59. In the last three years Family justice has been extremely well served by the work of the National Family Justice Observatory (a dedicated research body that is generously funded by the Nuffield Foundation)15. The work done by the FJO has been a real game-changer which has shed light on the working of the Family Court. It was invaluable during the onset of Covid 19 to have access to research that held a mirror up, in real time, to the impact that our new ways of remote working were having on all involved. The FJO research on babies who are the subject of early care proceedings has had a similar impact. These and other projects, which are just the start of the work that the FJO intends to undertake, have a significant part to play in increasing public understanding of the Family Court and thereby increasing transparency’

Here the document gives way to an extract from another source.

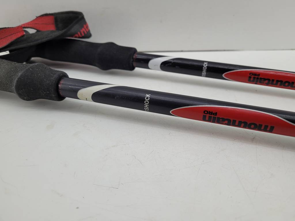 Pareja de bastones para Trekking de la marca Mountain pro. Se trata de dos bastones de muy buena calidad con mangos antideslizantes cómodos y cintas de agarre. También se pueden regular en altura. Son ideales para salidas a la montaña tanto para salidas light como para experiencias de alta montaña. Como podemos observar en las fotografías se encuentran en buenas condiciones.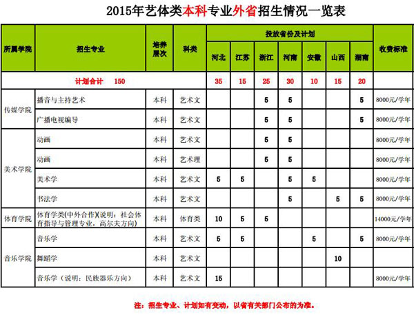 2015年藝體類?普猩鷮I(yè)、計(jì)劃一覽表

Whilst the report is primarily concerned with transparency in cases involving children, it does note the work that has been done separately in terms of achieving transparency around financial remedy cases (i.e. in divorce proceedings), particularly by Mostyn J and HHJ Hess. Sir Andrew specifically notes his support of the transparency initiatives which have been separately proposed in respect of those proceedings (see paragraph 54).

At the conclusion of the report, Sir Andrew makes the points that: ‘a genuine increase in transparency requires a major cultural shift’ which shift ‘can only come with clear and firm leadership from the President‘ and that there now needs to be a ‘period of accelerated change‘. He goes on to make clear that he will be establishing a Transparency Implementation Group but that ‘the first step on the process of implementation’ will be to conduct what he anticipates will be a short consultation on ‘the detail‘ of the reforms, albeit not the ‘overall direction of travel’ .

There is no doubt that this report constitutes a watershed moment in terms of opening the family justice system up to public scrutiny. It will be important in due course to assess how the changes signalled by this report cash out in terms of reforms of both the culture and practice of the family courts.